Zamanın gençlerinin karşılaştığı en büyük problemlerden birinin “anlaşılmamak” olduğunu belirten Zengin, “Bugün benim gördüğüm gençlerin en önemli problemi anlaşılamamak, kabul edilememek, muhatap alınmamaktır. Resulullah`ın yaptığı bir biçimde gençleri muhatap aldığımız zaman, onların dertlerini kendi derdimiz edindiğimiz ve önemsediğimiz zaman, yani ‘böyle dert mi olur`, ‘herkesin derdi onun için özeldir` demediğimiz zaman, Resulullah`ın yaklaşımına sahip olmuş oluruz. Resulullah binlerce farklı insanla yaşadı. Ama her biri kendinde bir pay buldu. Resulullah da kendisinden bir parça buldu. Bu şekilde gençlerin problemleri aşıldı. Tek tek bu problemlerin üzerinde durmak istemiyorum ama siyeri okuduğumuz zaman bunları rahatlıkla anlarız.” dedi.
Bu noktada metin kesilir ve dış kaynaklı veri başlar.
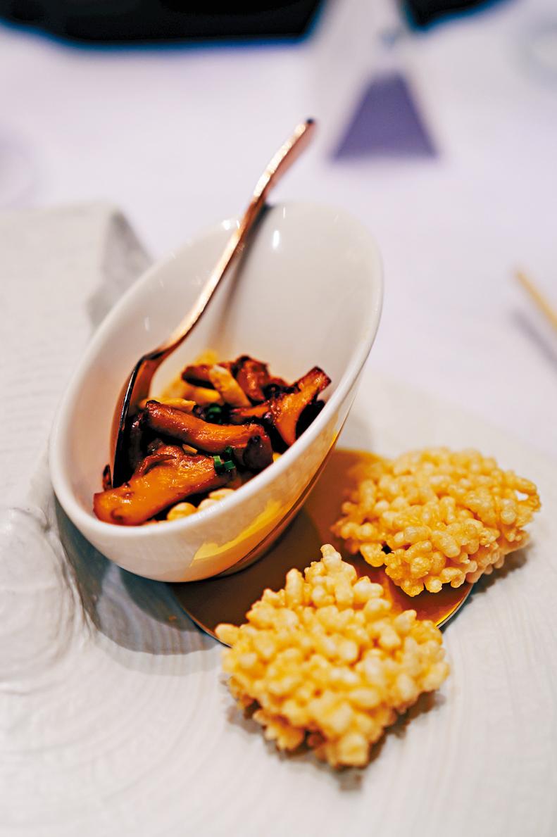 頭盤「野菌三弄」$388─以鹽燒松茸、頭抽香煎雞㙡菌及煙燻肉蛋香雞油菌,透過多樣烹調手法,誘出松茸的幽香、雞㙡菌的鮮甜,以及雞油菌的細膩杏香,令人驚豔。「菌湯六重奏」$328─巧妙融合松茸、羊肚菌與黑虎掌,採用凍湯啫喱及溫熱燉湯兩種形式呈現,展現松茸的秀雅、羊肚菌的醇厚及黑虎掌的甘甜。凍湯啫喱的創意令人耳目一新,濃縮菌香於一口之間,齒頰留香。主菜「雞油菌香煎馬友」$208─以雞油菌腰果醬搭配鹽水醃製後香煎及炙烤的馬友,外皮香脆,魚肉軟嫩,與醬汁融合成絕妙滋味。另一道「雲來碧玉」$428─主角為釀入鮮黃耳的鮑魚,旁邊配以焗過的老人頭夾著雲南諾鄧火腿,加上松茸濃雞湯與乳扇,層次豐富芳香四溢,口感油潤而不膩。「美味牛肝菌冬坡玉」 $148─這道菜以冬瓜為主要食材,內部釀入炒香的牛肝菌,搭配濃郁的牛肝菌醬汁,讓人一口接一口,彷彿品嘗肉類料理般的滿足感。甜點「牛肝菌紫薯脆奶」及「南棗黑杞子珍珠玉露」$148─以菇菌作結,甜而不膩的完美句點。
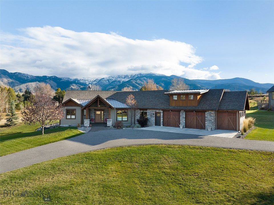 We are delighted to present this stunning custom home nestled at the base of the Bridger Mountains in beautiful Bozeman, MT. The home is the perfect embodiment of Montana's warmth and elegance, with lovely wood and stone accents throughout. The main level of the home features an open concept living/dining/kitchen with incredible mountain views, a primary suite with spacious bathroom and dual closets, an office with custom built-ins and valley views, and two additional bedrooms with full bath. A unique three season room with wood burning stone fireplace creates space for elegant summer gatherings and cozy fall nights by the fire. The walkout daylight basement has a sitting area with a large guest suite, plus additional room for expansion with a large unfinished space and lots of storage. An immaculately clean heated three car garage offers plenty of parking/storage space, and has bonus trusses with a dormer that can be finished for more square footage or used as additional storage. The grounds are truly park-like, and the sitting area with fire pit makes for a great place to convene with family and friends. Perfectly sited on 1.6+/- to enjoy panoramic views just a stone's throw from town, this is a truly rare offering!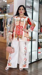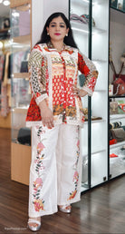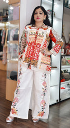 WHITE/RED MIX PURE COTTON COORDSET WITH EMBROIDERY
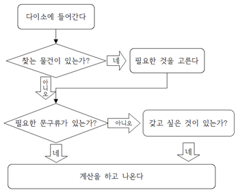 나도 자질구레한 것을 사러 다이소에 즐겨 가는데, 가게에 들어가는 내 머릿속에 생기는 일처리 순서도는 대략 아래와 같다. 사려고 하는 꼭 필요한 물건이 있는가 없는가 여부와 관계없이 문구류 코너에 꼭 들른다는 이야기다. 가서 조금만 둘러보면 살 것이 생기곤 한다.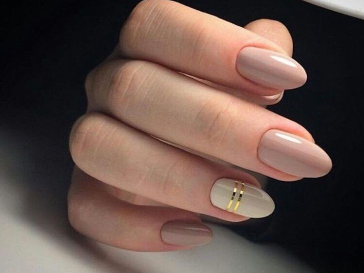Extremante elegante, nessa inspiração temos a mistura do nude, com o anelar em um tom de creme. E para dar apenas um toque mais chamativo, os fitilhos dourados, arrematam a produção, deixando mais moderna.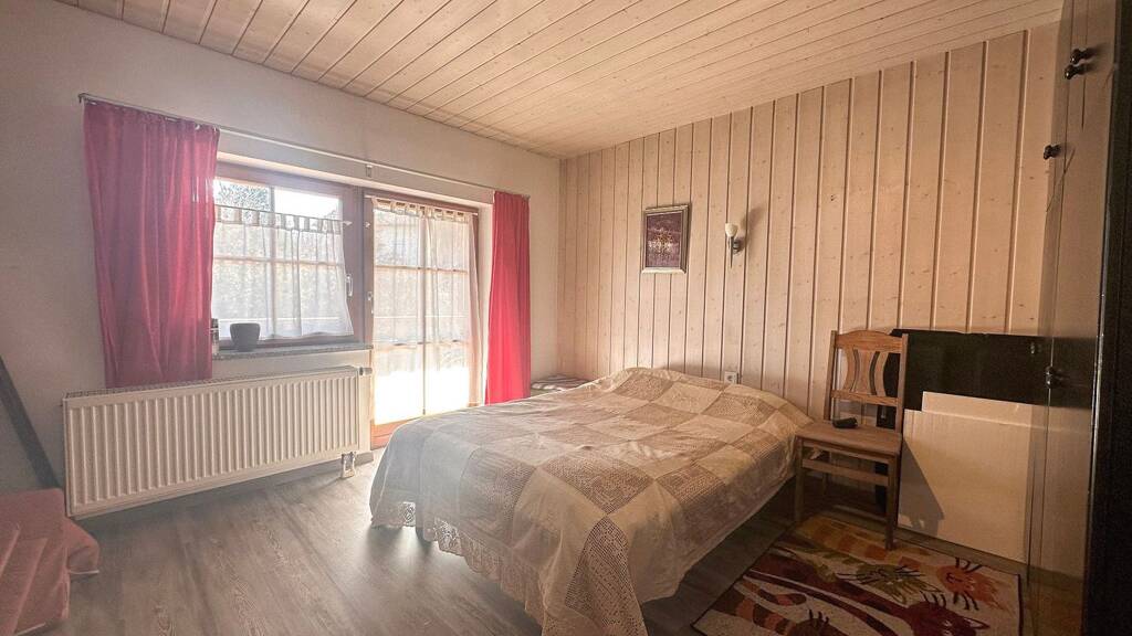 Im Erdgeschoss befinden sich zwei Zimmer sowie ein funktional ausgestattetes Badezimmer mit Badewanne, Dusche, WC und Waschbecken.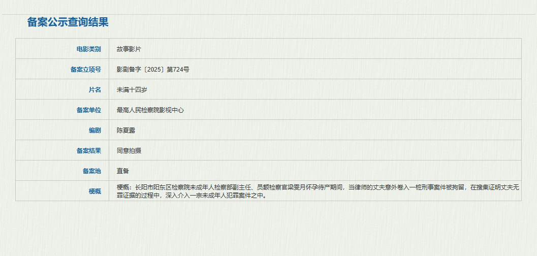 1905电影网讯 5月14日,据国家电影局最新备案、立项公示,电影《未满十四岁》立项,编剧为陈夏露,备案单位为最高人民检察院影视中心。影片聚焦未成年人犯罪,由陈夏露、万迪执导。

Zulüm düzenini değiştirmeye çalıştığınız zaman yapmanız gereken ilk şey ilim tahsil etmektir
Gençliğe tavsiyelerde de bulunan Zengin, şöyle konuştu: “Herkes Müslüman gençliğe farklı farklı tavsiyede bulunabilir. Ama ben de bir tavsiyede bulunacağım. Daha sonra bu tavsiyeye bağlı pek çok şey ortaya çıkacak. Tavsiyem Müslüman gençler, ümmetin derdini, dünyada ki Müslümanların derdini, dini ne olursa olsun mazlumların derdini kendi derdi bilsin ve bunu çözmek için hâl yoluna koymak için bir çaba içine girsin. İşte diğer maddeler buradan çıkıyor. Şu dünyanın zulüm düzenini değiştirmeye çalıştığınız zaman yapmanız gereken bazı şeyler var. Bunlar da ilim tahsil etmek, çabalamak, öğrenmek, dürüst olmak, gayretli olmak ve üretmektir. Bunlar İslam ümmetinin muhtaç olduğu şeylerdir.”
“Büyük bir hedef ve küçük küçük adımlar atmamız lazım”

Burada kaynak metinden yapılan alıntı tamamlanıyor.